I generally kept my suits at the office, but bought the garment pannier for the occasional times I needed to bring suits to the train station for trips etc. The Performance garment panniers did everything I wanted; they don't pretend to be made to the same standards as the Two Wheel Gear.

Carrying clothes - I had no problems with suits, shirts, ties, shoes in the Performance bag. It also kept them dry in light drizzle; I never tested it riding in a downpour.

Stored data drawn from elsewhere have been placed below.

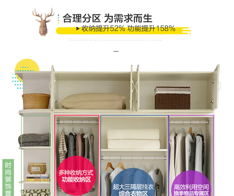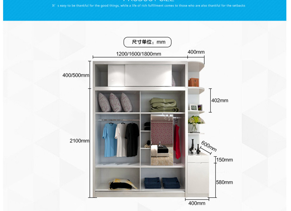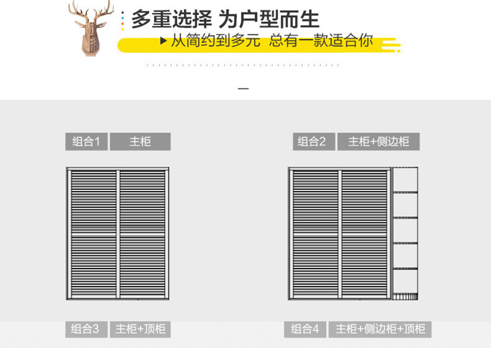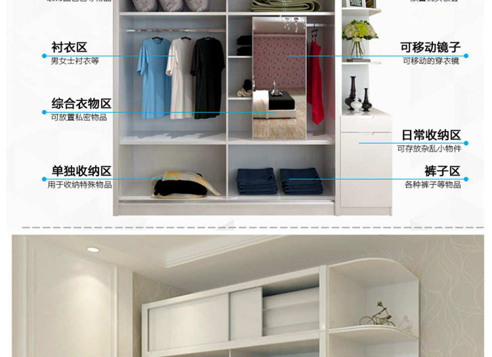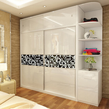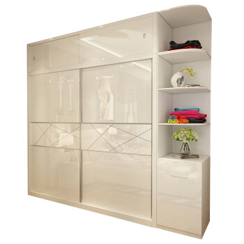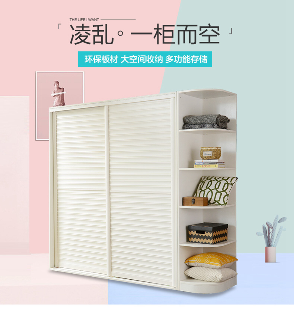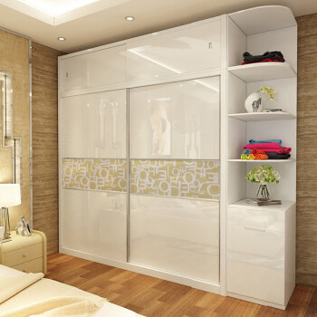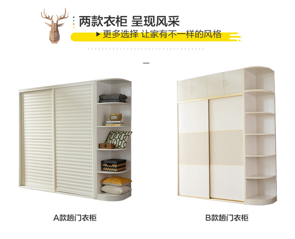 绿装我家衣柜 推拉门衣柜卧室家具现代简约板式衣柜 A款趟门衣柜+顶柜+边柜(左侧) 1.8米
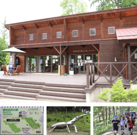 穂坂自然公園は、約1700平米メートルと広大な森林を整備してつくった公園で、園内には大きいクワガタのオブジェがお出迎えしてくれます。
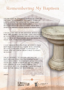 On my journey to Easter, I recall my Baptism and pray for the strength of your Holy Spirit to respond more fully to your call to be a font of life in Christ for others, a light proclaiming the Gospel by my life, drawing them to Jesus and to the family of the Church.
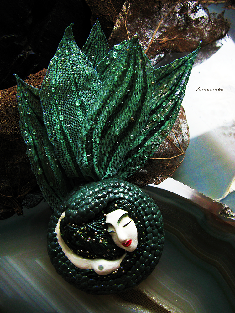 - "Спящая русалочка" выполнена из полимерной глины полностью вручную без использования каких-либо шаблонов или штампов! Роспись акриловой краской (+финишный лак на водной основе). Хвостовые плавники выполнены из тончайшего шёлка, украшенного кристально-прозрачными капельками (стекловидная масса). Замочек металлический, под бронзу. В волосах русалочки - мельчайшие золотистые крупинки - микробисер и прозрачные зелёные стёклышки, обточенные морскими волнами... Диаметр броши без плавников - около 3 см. Максимальная длина плавника - около 4,5 см.
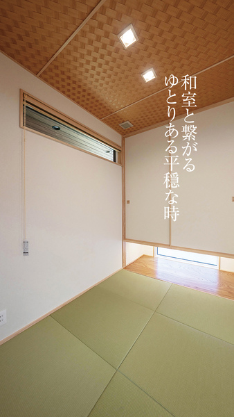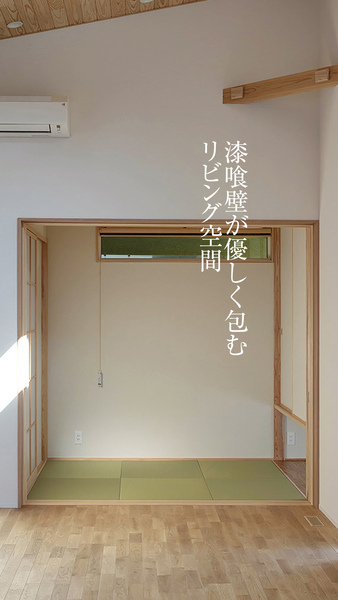 漆喰壁の質感がリビングを包み、隣り合う和室と調和します
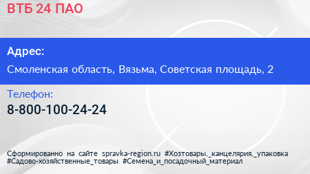 ВТБ 24, ПАО по адресу Смоленская область, Вязьма, Советская площадь, 2 в дальнейшем Организация, размещена в следующих категориях:
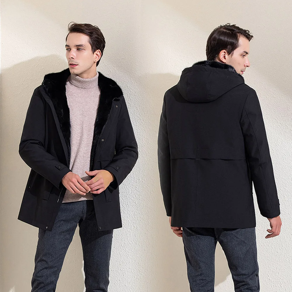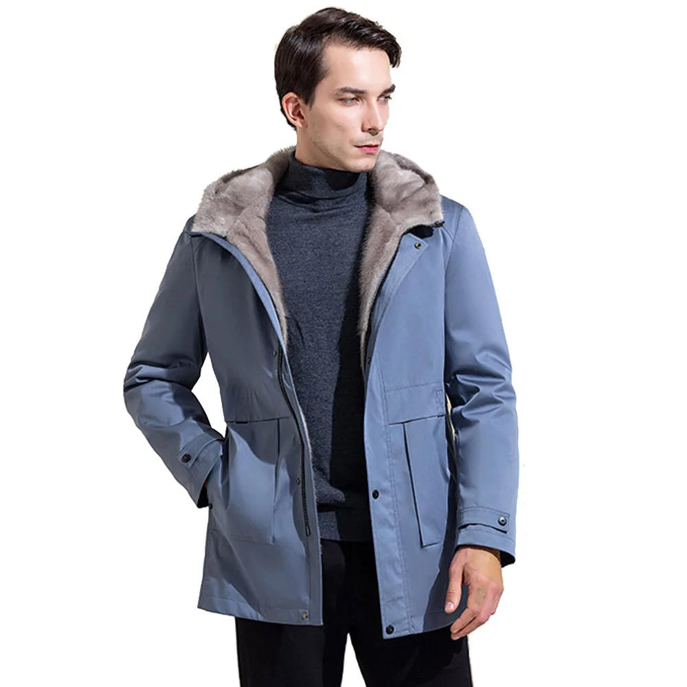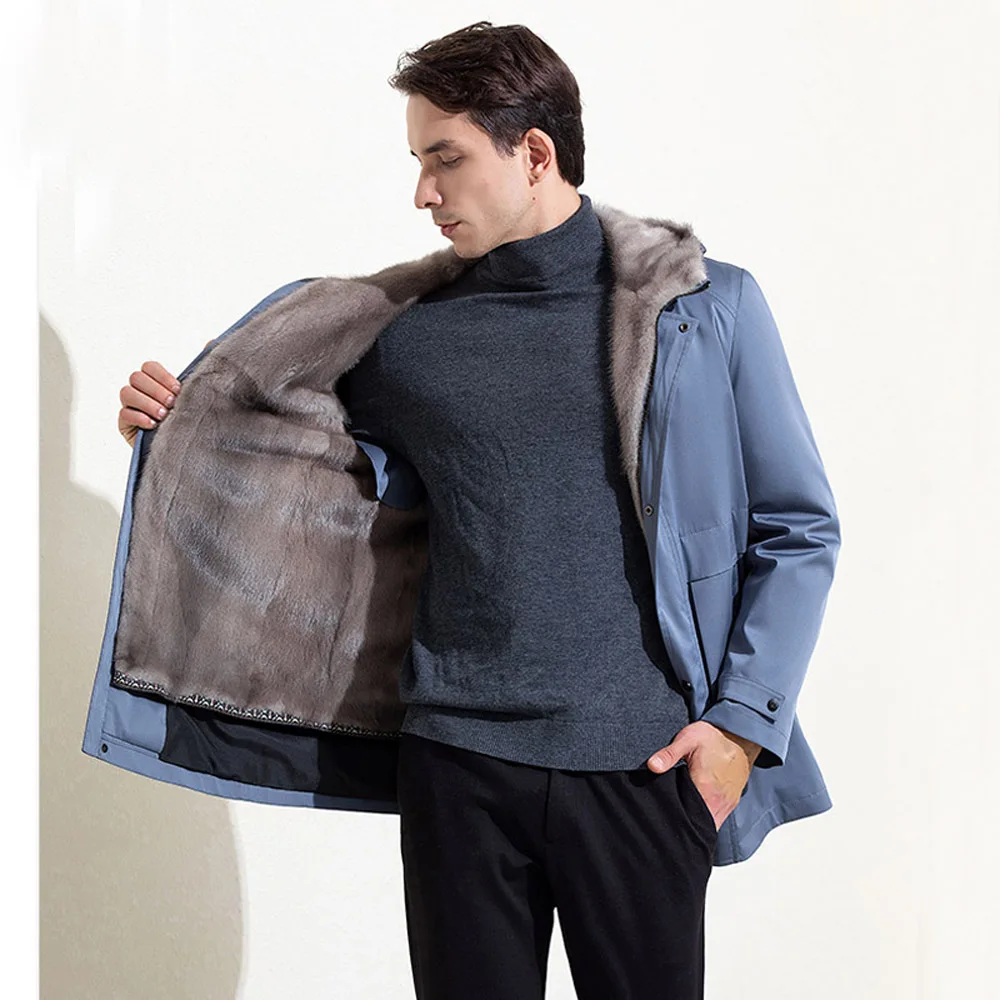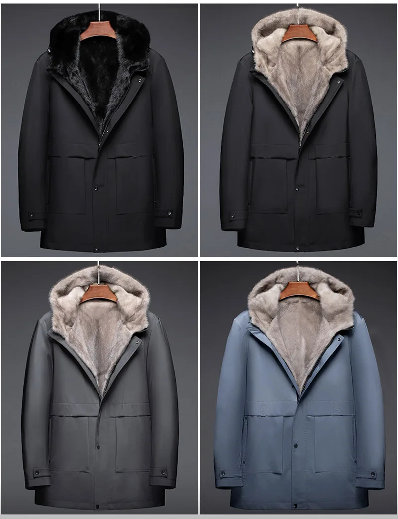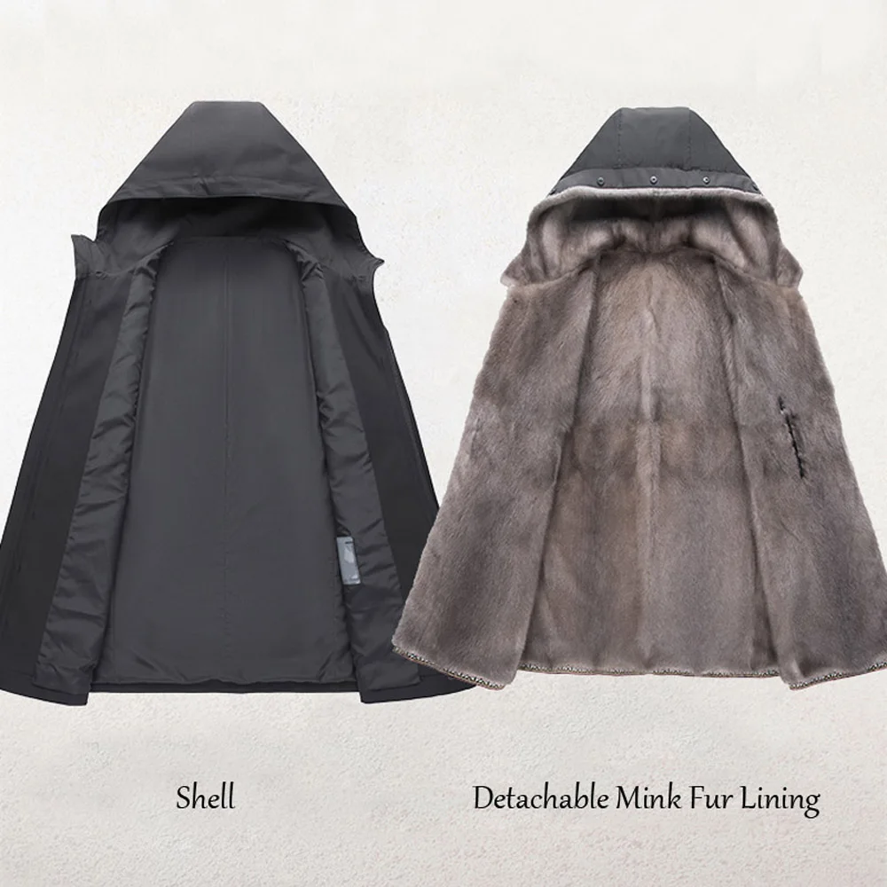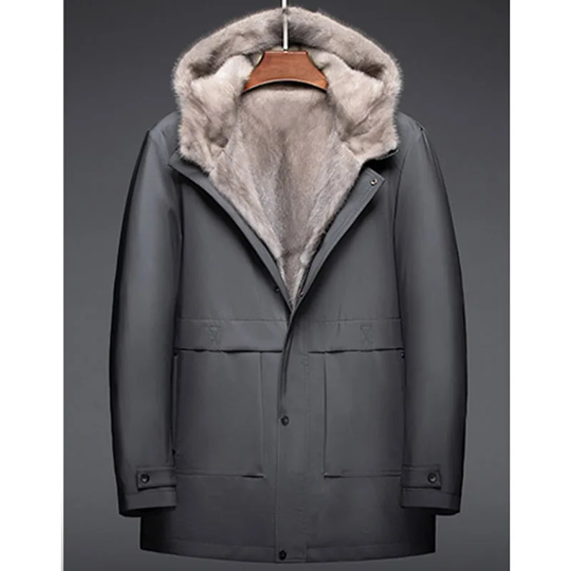 Роскошная Одежда из меха норки, мужское зимнее теплое пальто из натурального меха, ветрозащитные парки с капюшоном, Высококачественная куртка из натурального меха

Laptop - The Two Gear bag advertises a compartment for carrying a laptop, not mentioned by Nashbar. I didn't try this with the Performance bag, and wouldn't recommend it. I'd already been carrying a laptop in a Carradice saddle bag, so this wasn't important to me.

Attachments
The rack on my bike was a little wider than the center/carrying portion of the bag, and the standard attachment didn't fit my bike very well. However, I put it on 1960 Gazelle (28" wheels, rod brakes, not a standard set up from Nashbar or Performance) I've found very few new panniers sold locally that fit this bike & rack. The garment bag did fine with 2 bungee cords for my 7.5 mile rides. If the Two Wheel Gear has mounts from Germany, it might have fit fine without the bungee cords. I don't doubt that the the Two Wheel Gear may have nicer attachments than Performance or Nashbar; for light use the Performance bag has been fine.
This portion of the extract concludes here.